HazarathKumarM · 2025-12-10T17:07:35Z

Rebased version of #334

removed commented code

* Add F32 QA Golden outputs * modify Doxygen comments * modify range check functions * RPP F32 QA : Review Comments Resolution (r-abishek#431) * Modified SIMD print functions to use union * remove redundant unions in print functions * removed pixel checks * remove pixel check in threshold * resolve review comments --------- Co-authored-by: HazarathKumarM <hazarathkumar@multicorewareinc.com> Co-authored-by: Kiriti Gowda <kiritigowda@gmail.com> Co-authored-by: HazarathKumarM <119284987+HazarathKumarM@users.noreply.github.com> Co-authored-by: Lakshmi Kumar <lakshmi.kumar@amd.com>

Srihari-mcw · 2025-12-21T15:42:08Z

utilities/test_suite/HIP/Tensor_image_hip.cpp

                if (roiTypeSrc == RpptRoiType::LTRB)
                    convert_roi(roiTensorPtrDst, RpptRoiType::XYWH, dstDescPtr->n);
-
+    


Whitespace added?

Srihari-mcw · 2025-12-21T16:23:32Z

src/modules/tensor/hip/kernel/erode.cpp

+            minVal = 1.0f;
+        #pragma unroll
+        for (int j = 0; j < filterSize; j++)
+            minVal = fminf(minVal, (float)srcPtr[k + j]);


Do a static cast

Srihari-mcw · 2025-12-21T16:40:39Z

src/modules/tensor/hip/kernel/erode.cpp

-    src_f = rpp_hip_unpack3(src_ui4.w);
-    dst_f8->f1[7] = fminf(src_f, dst_f8->f1[7]);
+    #pragma unroll
+    for (int k = 0; k < 8; k++)


Can we think of something like this or is the current approach fine - The below approach reduces complexity to O(3n)
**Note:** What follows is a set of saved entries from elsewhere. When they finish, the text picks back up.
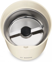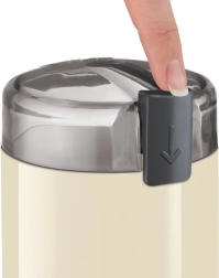 Vi præsenterer en flødefarvet kaffekværn udstyret med knive i rustfrit stål af høj kvalitet, som giver præcis og fin kværning. Den enkle og sikre mekanisme gør, at kværnen kun kører med låget lukket, og den er udstyret med en knap, der forhindrer utilsigtet start.
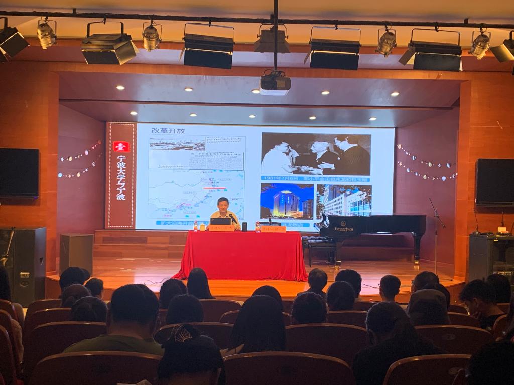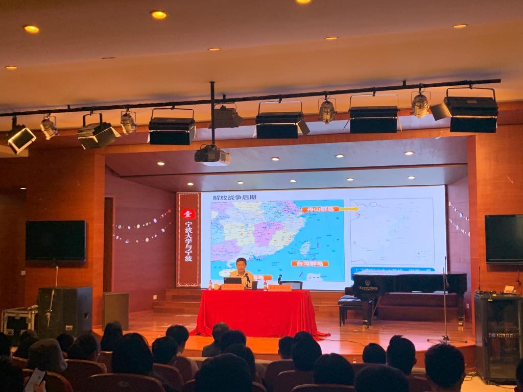 与宁波”开篇,由宁波城市建设历史出发,向师生讲述了宁大所处的这片土地的悠久历史与文化底蕴,同时着重讲解了中国共产党领导浙东(四明山)抗日根据地、解放战争、改革开放等历史背景下宁波现代化滨海大都市建设,以及调教
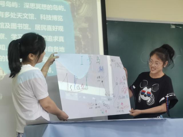 最后,通过探讨“爱好”和“兴趣”在理论和现实案例中的区别,发现兴趣是推动人不断创新突破自己的重要内在动力。为了更进一步加深同学们对职业兴趣的认识,同学们被划分成6个小组开展兴趣岛游戏。在20分钟的时间里,同学们尽情发挥自己的想象力和绘画特长,每个兴趣岛都充分彰显了各自岛屿的特点。在对各自岛屿的注解说明之后,辅导员李响详细讲解了6个兴趣岛代表6种霍兰德职业兴趣类型。该游戏帮助同学们找到了自己的职业兴趣。
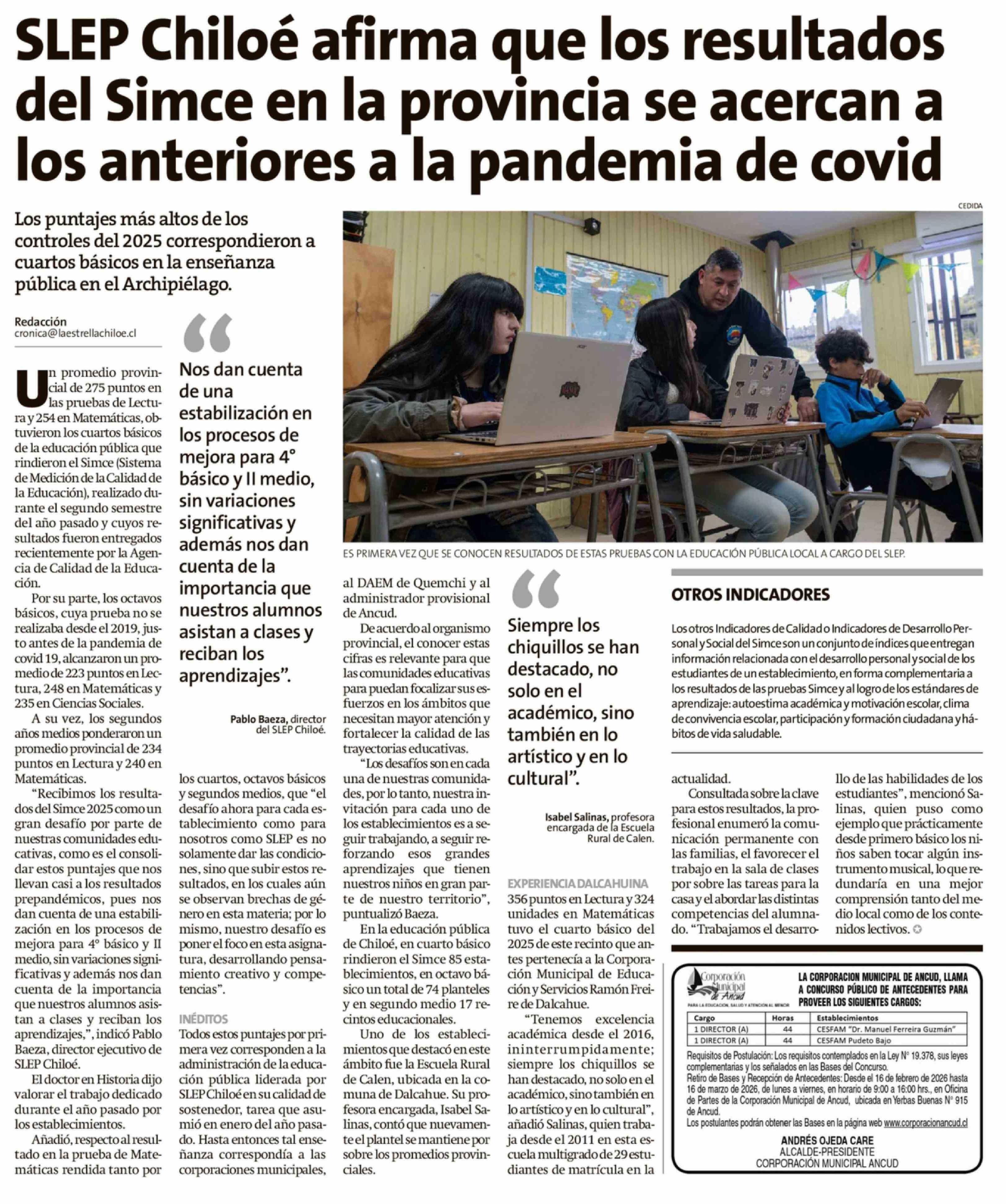 SLEP Chiloé afirma que los resultados del Simce en la provincia se acercan a los anteriores a la pandemia de covid 10-03-2026 La Estrella de Chiloé |
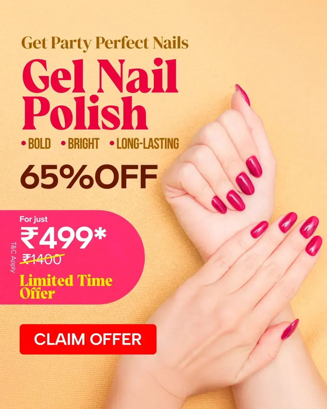 For all the women's, Premium gel nail polish using Bluesky, applied by experienced stylists, with personalized color suggestions. Get Gel Nail Polish for the most beautiful nails that will make you stand out. Book now and get this amazing service for @ 65% Off now only ₹499*(Retail Value: ₹1400*)
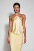 Halter silk charmeuse top features cross strap detail at the neck.
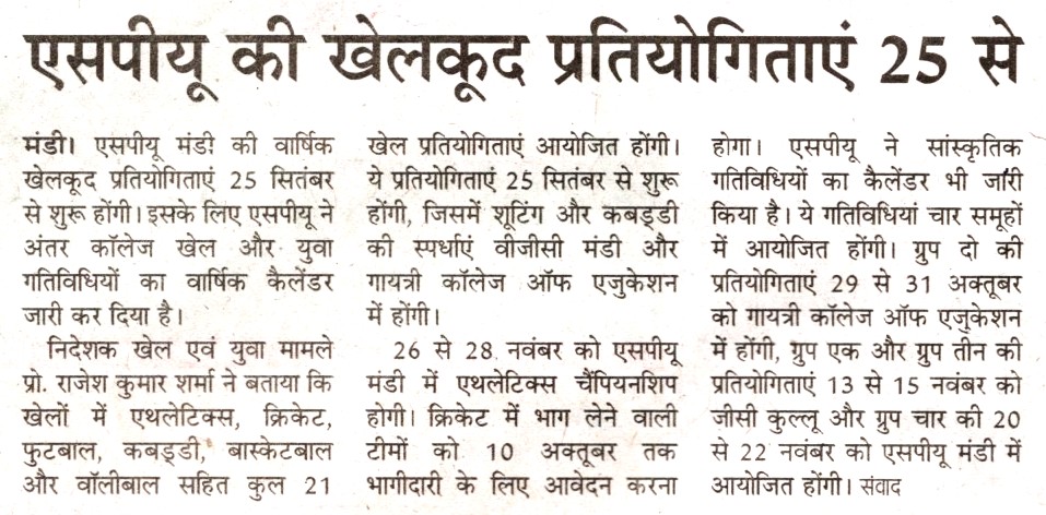 • सरदार पटेल विश्वविद्यालय मंडी करवाएगा बी.एड.
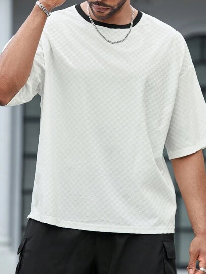 Manfinity Homme 男士夏季大碼拼接短袖圓領休閒T恤 - 白色 - 查看 1
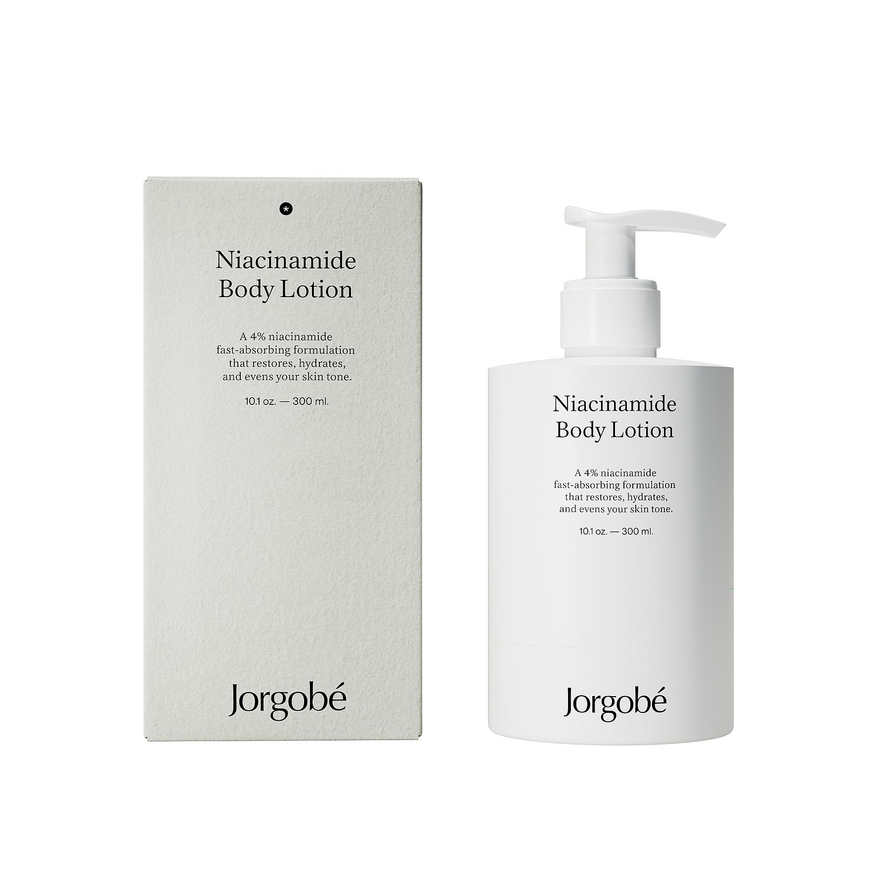 Genopbyg og beskyt din hud med Jorgobé Niacinamide Body Lotion – en hurtig absorberende, intensivt fugtgivende bodylotion med 4 % niacinamid, vitamin A, vitamin E og hyaluronsyre.
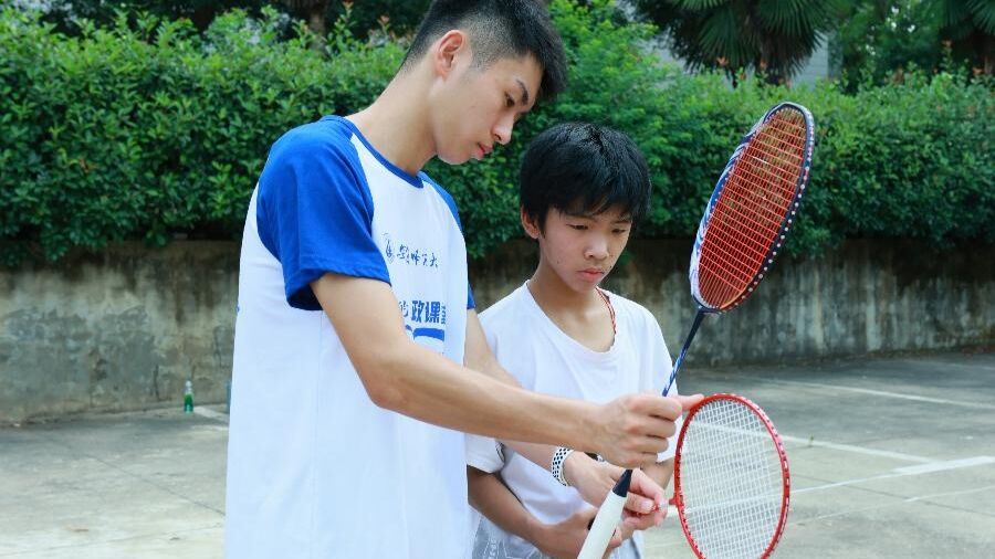 图 羽毛球课堂上老师指导学生如何握拍 华体会体育2串1
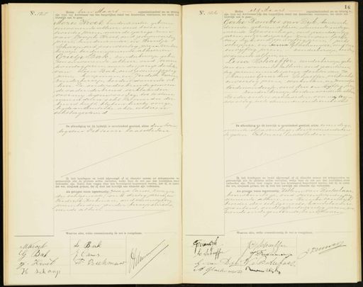 No. 123 Heden tien Maart negentienhonderd zes en twintig zijn voor mij Ambtenaar van den burgerlijken sland van Amsterdam verschenen, ten einde een huwelijk aan te gaan: Mozes Kroet, huidenzouter, geboren en wonende alhier, oud twee en twintig jaren, meerderjarige zoon van Joseph Rroet, oud zevenenveertig jaren, huidenzouter, en Hentje schaap, oud zes enveertig jaren, zonder beroep, beiden wonende alhier, en Grietje Bak, zonder beroep, gebo ren enwonende alhier, oud vieren twintig jaren, meerderjarige dochter van Leon Bak, oud zevenen zestig jaren, - koopman, en Judith Vurm zonder beroep, beiden wonende al hier. De ouders des bruidegoms en de vader derbruid verklaarden. voor mij tegenwoordig, toe te stem„ men in dezen echt De moeder der bruid heeft, blykens hierbij overge„ legde authentieke akte, indezen echt toegestemd De afkondiging tot dit huwelijk is onverhinderd geschied, alhier den tiin tigsten Februari laatstleden Ik heb bruidegom en bruid afgevraagd of zij elkander nemen tot echtgenooten en getrouwelijk alle de plichten zullen vervullen, welke door de wet aan den huwelijken staat verbonden zijn. Nadat deze vragen door hen bevestigend beantwoord werden, heb ik, in naam der wet, uitspraak gedaan, dat zij door het huwelijk aan elkander zijn verbonden. Als getuigen waren tegenwoordig: Jesaya Canes, Zwager des echtgenoots Soud dertig jaren, en Frederik Beekman, oud eenenvyftig jaren, beiden zonder beroep en wi nende alhier Waarvan akte, welke overeenkomstig de wet is voorgelezen. No. 126 „ elf Maart ne d zes en twintig huwelijk aan te gaan: zijn voor mij Ambtenaar (van den burgerlijken stand van Amsterdam verschenen, ten einde een Gerke Romkes van Dijk, kantoorbe diende, geboren alhier, wonende inde ge meente slravenhage, oud zesentwintig jaren, meerderjarige zoon van Gerte van Dijk, oud zesenvijftig jaren, - jacht schipper, en Anna Glashouwer, ond vier envijftig jaren, zonderberoep, beiden wonende alhier, en Lena Schaeffer, zonder beroep, gebo ren en wonende alhier, oud zesentwin„ tig jaren, meerderjarige dochter van 70„ Jhannes Gerardus Schalfter, ondacht en veertig jaren, werkman, en Jannetje Ferdinandusse, oud drie en vijftig jare zonder beroep, beiden wonende alhier Beider ouders verklaarden, voor mij tegen woordig, toe te stemmen indezen echt De afkondiging tot dit huwelijk is onverhinderd geschied, alhier eninde ge meente sravenhage, denzevenentwin tigsten Februari laatstleden, Ik heb bruidegom en bruid afgevraagd of zij elkander nemen tot echtgenooten en getrouwelijk alle de plichten zullen vervullen, welke door de wet aan den huwelijken staat verbonden zijn. Nadat deze vragen door hen bevestigend beantwoord werden, heb ik, in naam der wet, uitspraak gedaan, dat zij door het huwelijk aan elkander zijn verbonden. Als getuigen waren tegenwoordig: Willem van Butzelaar bouwkundige, oud vierentwintig jari wonende alhier, en Romke van Dijk broeder des echtgenoots, handelscorre spondert, oud vyfentwintig jaren, wo nende inde gemeente rindhoven Waarvan akte, welke overeenkomstig de wet is voorgelezen. L Bak MKrogl G Bak J. Canes
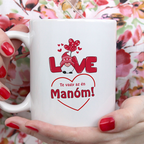 Szerelmes manós bögre, Valentin napi ajándék. Aranyos manóval, Te vagy az én manóm felirattal. Lepd meg párodat a szerelmesek napján egy romantikus ajándékkal. A bögrék anyaga kerámia vagy zománc. Mosogatógépben tiszíthatóak. Egyedi nyomtatású bög

#include <iostream> #include <climits> using namespace std; int main() { // Input array int src[] = {3, 5, 6, 4, 7, 8, 9, 6, 2, 4}; int n = sizeof(src) / sizeof(src[0]); // Window size const int k = 8; // Auxiliary arrays int leftMin[10]; int rightMin[10]; // Build leftMin (prefix minimum per block) for (int i = 0; i < n; i++) { if (i % k == 0) leftMin[i] = src[i]; else leftMin[i] = min(leftMin[i - 1], src[i]); } // Build rightMin (suffix minimum per block) for (int i = n - 1; i >= 0; i--) { if (i % k == k - 1 || i == n - 1) rightMin[i] = src[i]; else rightMin[i] = min(rightMin[i + 1], src[i]); } // Compute sliding window minimums cout << "Output: "; for (int i = 0; i + k - 1 < n; i++) { int windowMin = min(rightMin[i], leftMin[i + k - 1]); cout << windowMin << " "; } cout << endl; return 0; }

Basically a sliding window approach similar to box filter - But it requires addl computation like the above code - leftMin, rightMin

AI reply for this comment : The current implementation benefits from coalesced memory access and shared memory usage. The proposed approach would require more complex memory access patterns.

Srihari-mcw · 2025-12-21T16:48:40Z

src/modules/tensor/hip/kernel/erode.cpp

+        // Nearest-neighbor padding
+        for (int i = 0; i < 8; i++)
+        {
+            int clampedX = roiBeginX + max(0, min(id_x_i + i, (roiWidth - 1)));            int clampedIdx = (id_z * srcStridesNH.x) + (clampedY * srcStridesNH.y) + (clampedX * 3);


Check Formatting

Srihari-mcw · 2025-12-21T16:48:57Z

src/modules/tensor/hip/kernel/erode.cpp

+            src_smem[hipThreadIdx_y_channel.x][hipThreadIdx_x8 + i] = srcPtr[clampedIdx];         // R
+            src_smem[hipThreadIdx_y_channel.y][hipThreadIdx_x8 + i] = srcPtr[clampedIdx + 1]; // G


Check comment spacing

Srihari-mcw · 2025-12-21T16:55:29Z

src/modules/tensor/hip/kernel/erode.cpp

+    for (int k = 0; k < 8; k++)
+    {
+        float minVal;
+        if constexpr (std::is_same_v<T, Rpp8u>)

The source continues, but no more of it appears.